The dose of lactobacilli was another possible reason for the lack of significant results (Huang et al., 2014). The total numbers of L. rhamnosus GR-1 and L. reuteri RC-14 in the probiotic product in this study were examined and were 8 × 109 CFU/sachet/day at the beginning of the trial and declined to 1 × 109 CFU/sachet/day at the end of the trial. The decrease in the number of lactobacilli could play a role in the effectiveness of the product. Furthermore, the timing of probiotic use, sample collection and subsequent visits, as well as dietary habits and daily routines, could also alter the results of the trial (Dausset et al., 2018; Marcotte et al., 2019). Moreover, the antifungal medication prescribed to 11 participants who reported vaginal itching or burning and were diagnosed with vulvovaginal candidiasis in the trial, could have some effect on faecal and vaginal microbiome, and this may also indicate the limitation of the study.

Conclusions

The study indicated that daily oral use of L. rhamnosus GR-1 and L. reuteri RC-14 as adjuncts to metronidazole vaginal suppositories did not increase the BV cure rate in Chinese patients compared to treatment with metronidazole alone, which may result from the lack of therapeutic probiotic species in the vaginal and faecal microbiota after administration.

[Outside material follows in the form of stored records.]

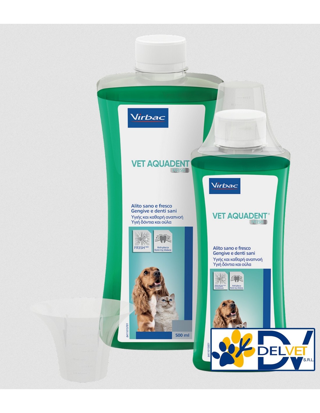 VIRBAC VET AQUADENT FR3SH 250 ML è una soluzione progettata dai veterinari per l'igiene orale quotidiana di cani e gatti. Aggiunta all'acqua da bere, aiuta a mantenere l'alito fresco, i denti e le gengive sani, controllando la placca.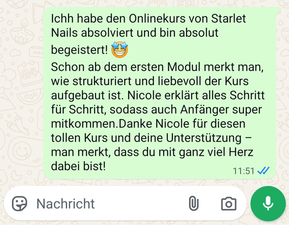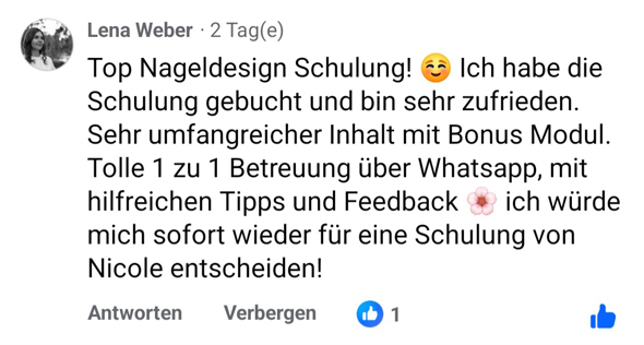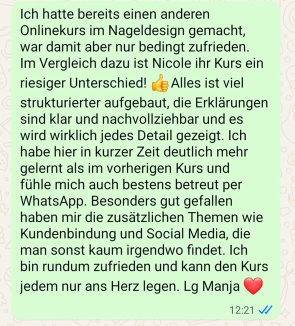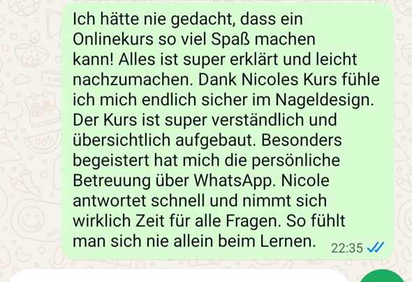 Beispiele was Teilnehmerinnen über meinen Nageldesign Onlinekurs berichten: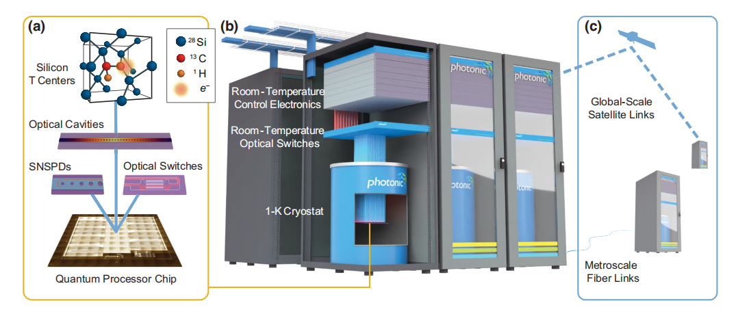 Scalable Quantum Architecture: The proposed architecture uses silicon-based spin qubits (specifically T centers) and their spin-photon interfaces for modular quantum computing and networking. Silicon T centers offer excellent coherence times and fidelity while directly interfacing with telecom-band photons, which are ideal for long-distance entanglement distribution across quantum networks.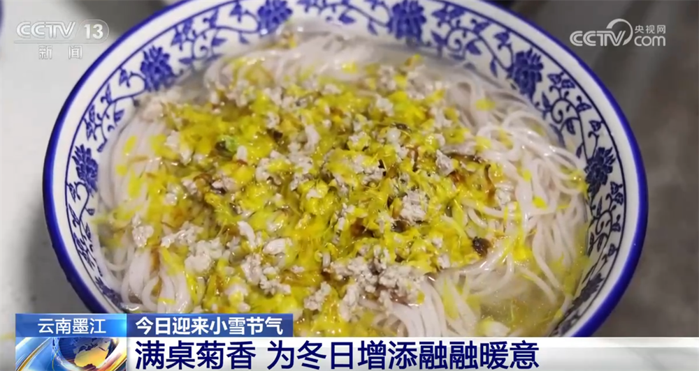 为抵挡冬日枯燥酷寒,在墨江哈尼族自治县联珠镇,乡民们将新鲜的菊花融入老鸭汤、鸡蛋、水饺等各式菜肴中,做出菊花煎蛋、菊花米线、菊花老鸭汤、菊花肉馅水饺、菊花炖排骨等美味佳肴,一桌丰富的菊花宴给冬日增添了几分香气。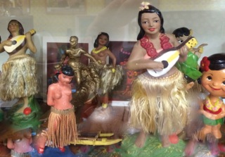 Hawaiiana rules in the space of Dealer #156; their glass case holds a strong selection of vintage hula dancer dolls.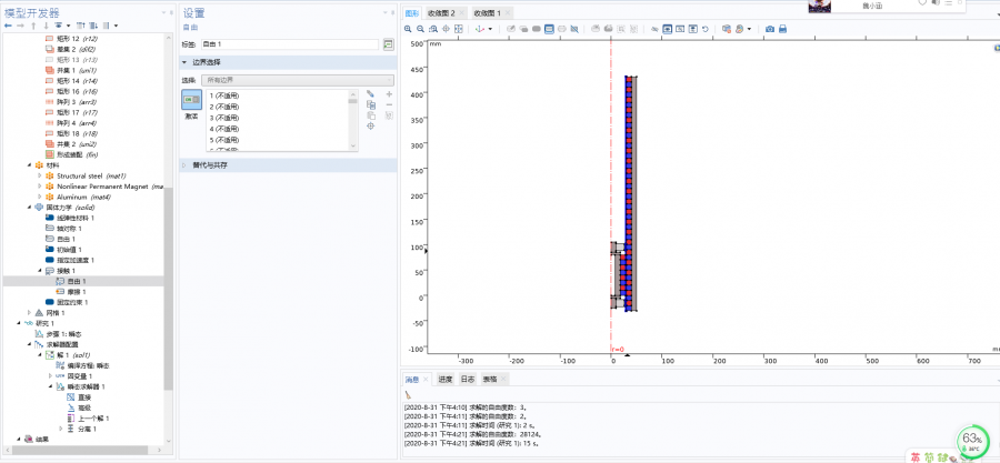 如图所示,我的是一个固体力学轴对称模型。计划让外围的固定,内部的移动,然后求接触对上的摩擦损耗。可是计算结果并没有发生运动。 我看“接触-自由”以及“接触-摩擦”那里所有边界都不适用,不知道是不是这个问题。 请教大佬们怎么解决。 1223.png |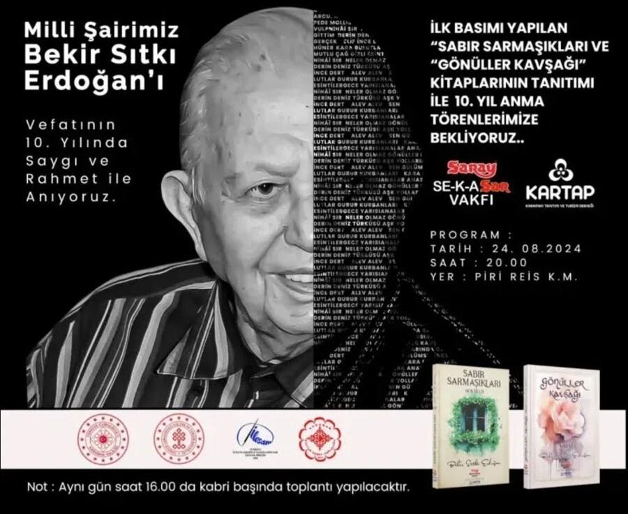 Bekir Sıtkı Erdoğan, geçen yıl vefatının 10. yılı münasebetiyle Karaman’da rahmetle anıldı ve edebiyat dünyamıza bir güzel haber duyuruldu. Şairimizin “Sabır Sarmaşıkları” ve “Gönüller Kavşağı” isimli iki eseri ilk kez basıldı.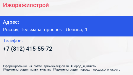 Ижоражилстрой по адресу Здание больницы Адмиралтейских Ижорских заводов с флигелем, 1/5, проспект Ленина, Колпино, Санкт-Петербург, Северо-Западный федеральный округ, 196653, Россия в дальнейшем Организация, размещена в следующих категориях: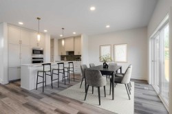 Welcome to the Westhill by Stranville Living Master Builder, an award-winning two-storey home model located in the dynamic west Lethbridge community of Copperwood. At just under 1,800 square feet of developed area, this 3 bedroom, 2.5 bath home is terrifically finished in selections made by the builder's skilled interior design team. The main floor includes a beautifully appointed kitchen in an upgraded MDF finish by Adora Cabinets, fully tiled backsplash, and quartz countertops for both the base cabinets and island with extended eating bar. Stranville Living's top tier appliance package includes a seamlessly integrated paneled Fisher & Paykel fridge, paneled dishwasher, induction cooktop, built-in hood fan, and a stainless steel wall oven and microwave combo unit. A sleek built-in electric fireplace with wood mantle accents the main floor living room. An 8' sliding glass door exits onto the future deck sitting adjacent to a massive rear window with views of the large rear yard. Upstairs, a large primary bedroom includes a tasteful double sink vanity and a sizeable tiled shower with glass door. Two more ample bedrooms, a 4-piece bathroom, and laundry closet also grace this upper level, but it is the 163 square foot media room that makes it complete. Don't forget about the high efficient mechanical equipment, Low E windows, and spray foam in the rim joists that help keep your heating and cooling costs in check. All the beautiful finishes of the home aside, it is the incredible size of the lot that sets this home apart from every other home on the street. Come by and see what I mean, you'll be happy you did. Pictures contain virtual staging. There's nothing like NEW!

Data Availability Statement

The datasets presented in this study can be found in online repositories. The names of the repository/repositories and accession number(s) can be found below: [https://www.ncbi.nlm.nih.gov/PRJNA730591].

Ethics Statement

The studies involving human participants were reviewed and approved by the Medical Ethnic Committee of PKUSZH. The patients/participants provided their written informed consent to participate in this study.

Author Contributions

SF and XZ designed and conducted the research. YZ, LH and LG carried out the clinical trail. XZ, YZ and JL analyzed the data and wrote the paper. ZP, and YL provided critical revisions of the article for intellectual content. All authors contributed to the article and approved the submitted version.

Funding

This trial was funded by the Shenzhen Healthcare Research Project (grant number SZXJ2018080) and the Shenzhen Science and Technology Innovation Commission (grant number JCYJ20190809101409603 and JCYJ20200109140614667). The funder of the study had no role in the study design, data collection, data analysis, data interpretation or writing of the report.

Conflict of Interest

Author LG was employed by company BGI-Shenzhen.

The remaining authors declare that the research was conducted in the absence of any commercial or financial relationships that could be construed as a potential conflict of interest.